• **How to complete this task**: Below is a listing with pictures in it; transcribe exactly the lines from the one that has "This space is" through the one that has "轮播图管理,管理员通过输入标", and omit those pictures.
___ Given data
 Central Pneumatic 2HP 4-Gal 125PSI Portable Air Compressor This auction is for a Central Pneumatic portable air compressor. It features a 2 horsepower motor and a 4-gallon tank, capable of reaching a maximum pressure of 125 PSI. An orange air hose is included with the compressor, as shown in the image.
______
___ Given data
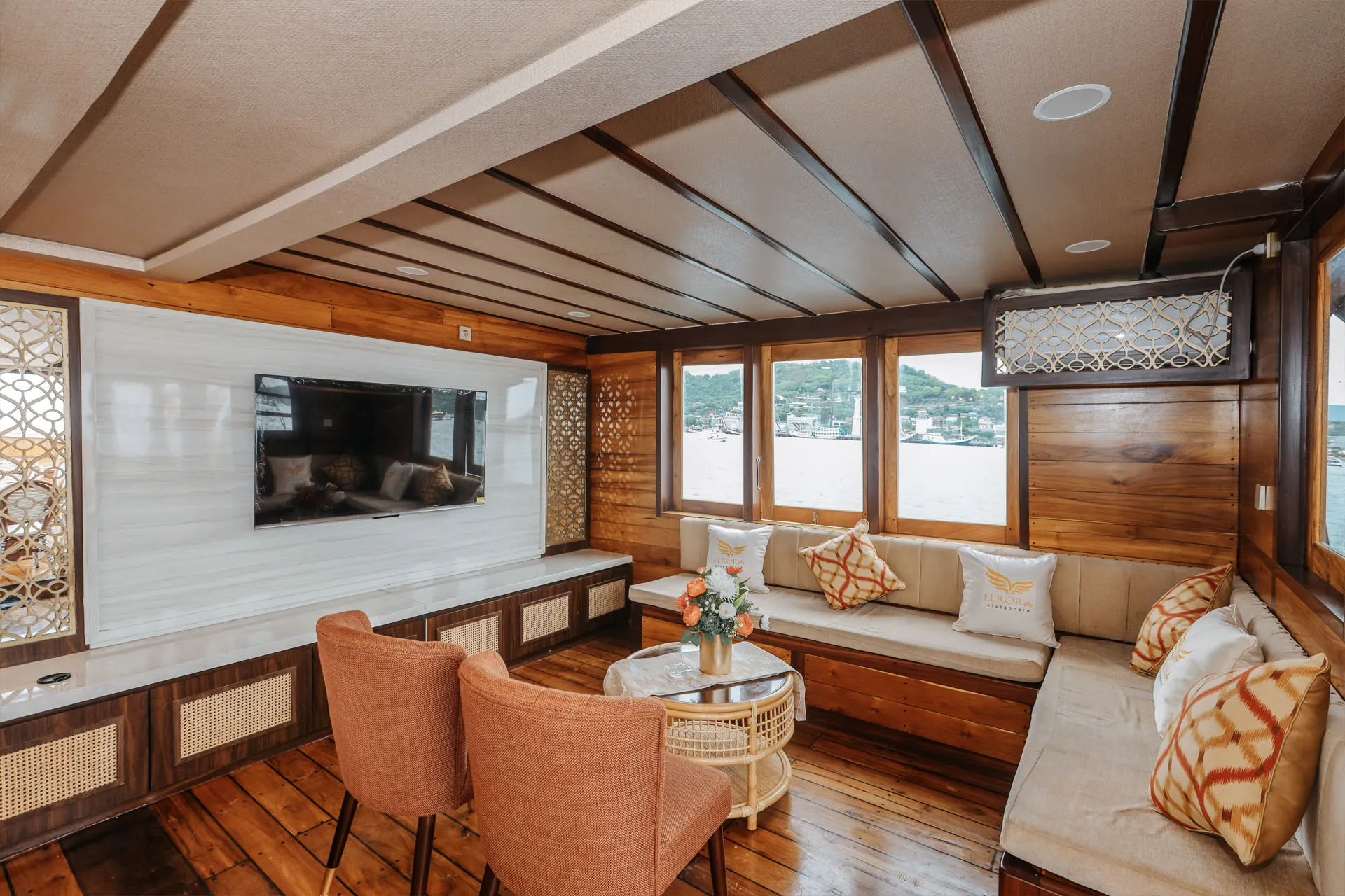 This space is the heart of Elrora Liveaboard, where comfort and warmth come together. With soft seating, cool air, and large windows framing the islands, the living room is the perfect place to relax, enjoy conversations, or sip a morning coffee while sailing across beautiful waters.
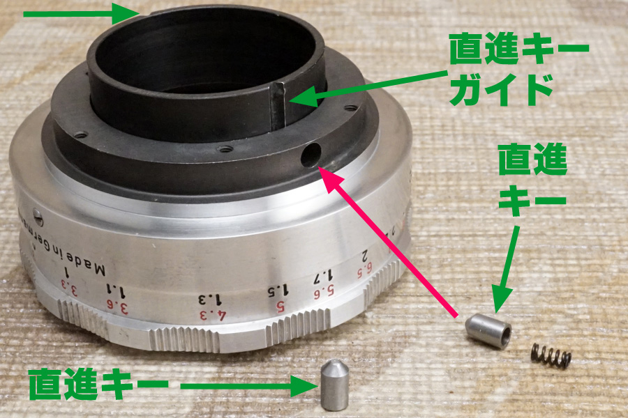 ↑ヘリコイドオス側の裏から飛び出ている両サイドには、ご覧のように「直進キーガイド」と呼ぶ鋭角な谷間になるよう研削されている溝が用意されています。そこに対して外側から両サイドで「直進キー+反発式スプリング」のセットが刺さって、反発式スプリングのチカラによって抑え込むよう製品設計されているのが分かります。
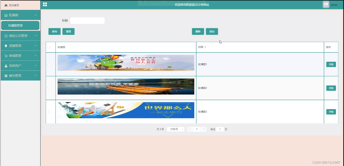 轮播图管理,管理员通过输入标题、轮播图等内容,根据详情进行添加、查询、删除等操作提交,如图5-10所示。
______
___ Given data
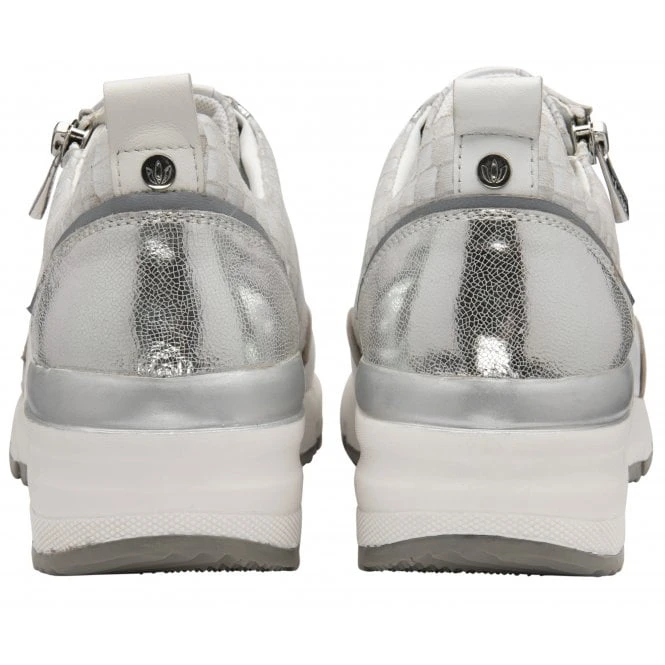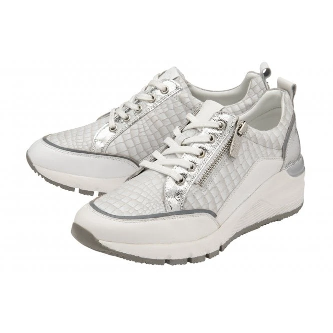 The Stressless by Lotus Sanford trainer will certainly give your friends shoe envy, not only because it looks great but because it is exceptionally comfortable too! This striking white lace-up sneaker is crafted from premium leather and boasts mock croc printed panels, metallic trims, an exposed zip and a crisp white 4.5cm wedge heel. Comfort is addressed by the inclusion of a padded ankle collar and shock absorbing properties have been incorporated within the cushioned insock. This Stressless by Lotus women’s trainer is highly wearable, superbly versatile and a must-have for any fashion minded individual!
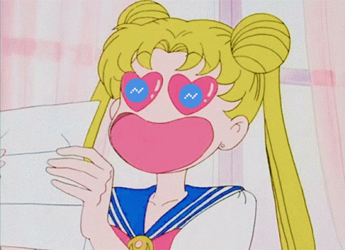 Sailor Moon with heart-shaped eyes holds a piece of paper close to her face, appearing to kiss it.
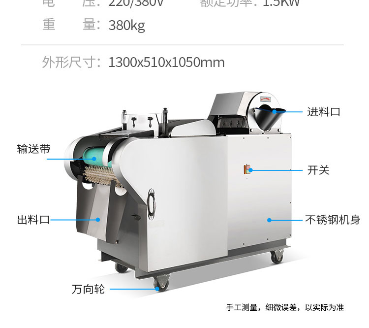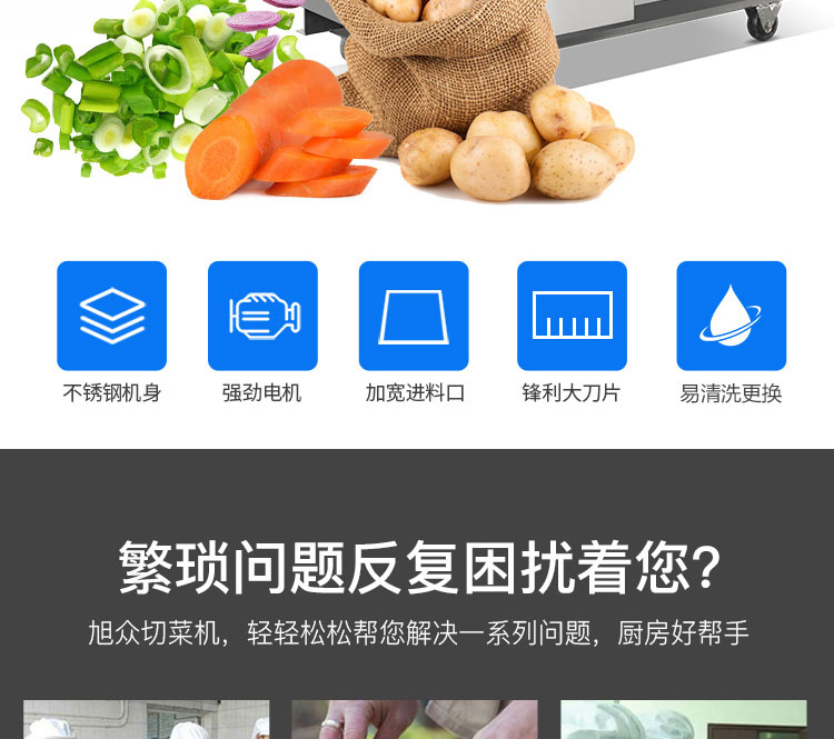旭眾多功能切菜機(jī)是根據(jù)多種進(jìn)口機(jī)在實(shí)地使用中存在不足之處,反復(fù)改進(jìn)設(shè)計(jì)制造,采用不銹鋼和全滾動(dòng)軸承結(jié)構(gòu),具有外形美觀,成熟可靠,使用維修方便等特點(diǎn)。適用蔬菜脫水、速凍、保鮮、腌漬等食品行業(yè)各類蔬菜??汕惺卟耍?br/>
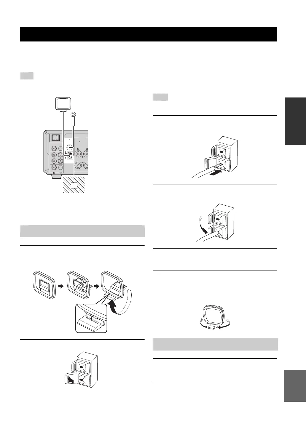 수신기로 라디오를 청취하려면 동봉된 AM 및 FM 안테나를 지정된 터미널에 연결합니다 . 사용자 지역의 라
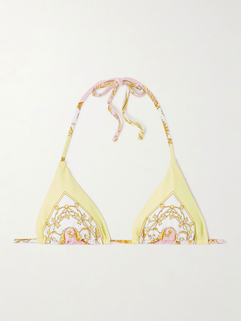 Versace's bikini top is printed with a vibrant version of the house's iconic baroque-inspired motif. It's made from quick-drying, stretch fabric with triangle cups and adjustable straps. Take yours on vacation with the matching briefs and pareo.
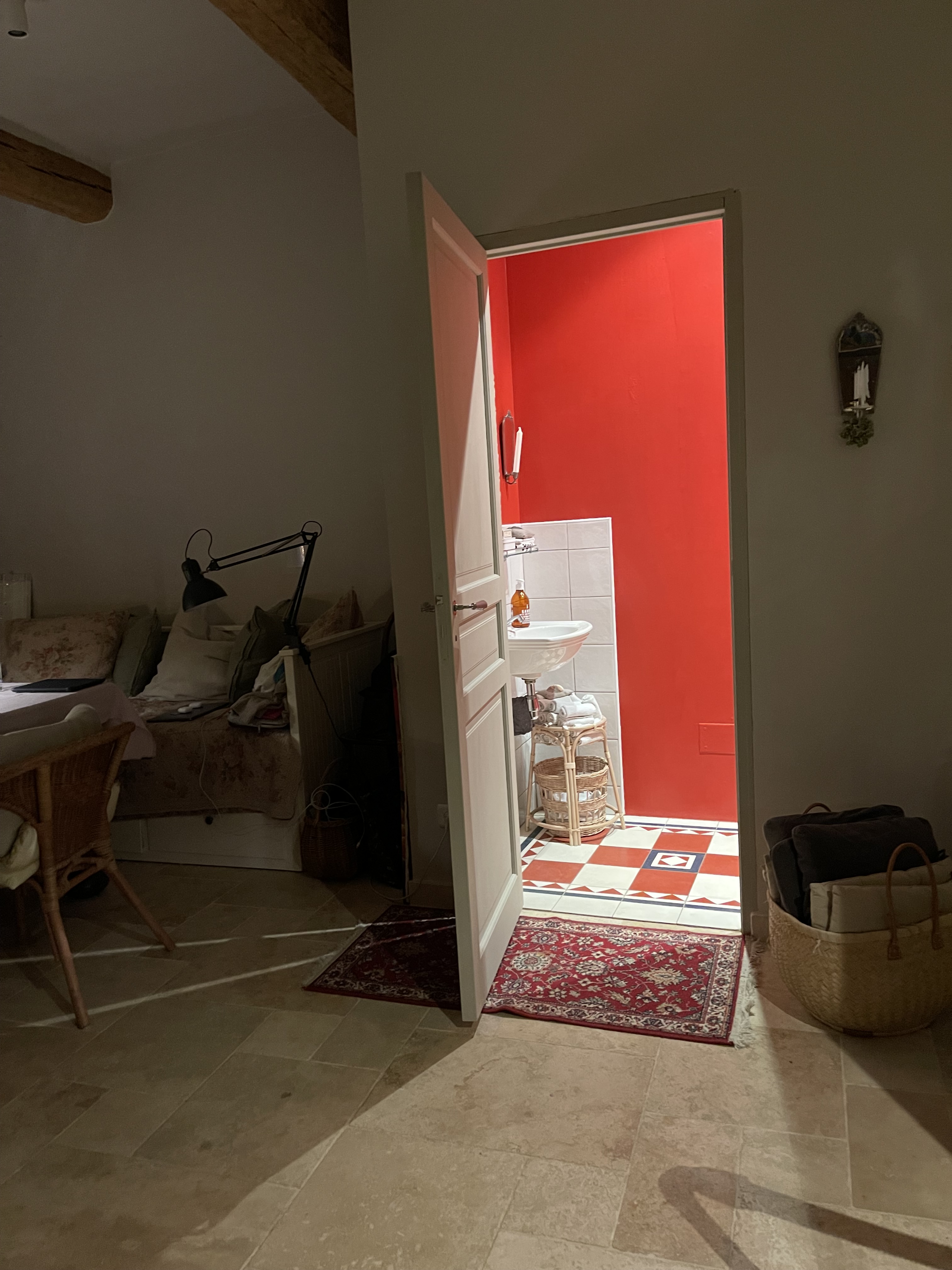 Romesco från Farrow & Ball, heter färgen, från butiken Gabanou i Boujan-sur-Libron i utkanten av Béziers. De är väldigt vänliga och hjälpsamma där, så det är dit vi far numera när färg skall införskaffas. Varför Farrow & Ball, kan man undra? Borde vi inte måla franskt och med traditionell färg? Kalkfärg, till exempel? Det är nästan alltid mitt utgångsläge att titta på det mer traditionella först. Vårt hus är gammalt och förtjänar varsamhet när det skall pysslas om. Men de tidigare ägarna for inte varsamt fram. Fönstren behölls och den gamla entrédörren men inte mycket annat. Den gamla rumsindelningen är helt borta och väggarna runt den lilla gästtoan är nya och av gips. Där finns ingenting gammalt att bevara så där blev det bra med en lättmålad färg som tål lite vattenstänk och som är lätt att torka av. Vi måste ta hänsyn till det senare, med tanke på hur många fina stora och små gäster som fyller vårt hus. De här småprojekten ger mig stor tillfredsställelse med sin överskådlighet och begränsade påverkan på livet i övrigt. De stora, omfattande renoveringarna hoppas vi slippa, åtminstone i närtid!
______
• **Answer to this problem**:
 This space is the heart of Elrora Liveaboard, where comfort and warmth come together. With soft seating, cool air, and large windows framing the islands, the living room is the perfect place to relax, enjoy conversations, or sip a morning coffee while sailing across beautiful waters.
 ↑ヘリコイドオス側の裏から飛び出ている両サイドには、ご覧のように「直進キーガイド」と呼ぶ鋭角な谷間になるよう研削されている溝が用意されています。そこに対して外側から両サイドで「直進キー+反発式スプリング」のセットが刺さって、反発式スプリングのチカラによって抑え込むよう製品設計されているのが分かります。
 轮播图管理,管理员通过输入标题、轮播图等内容,根据详情进行添加、查询、删除等操作提交,如图5-10所示。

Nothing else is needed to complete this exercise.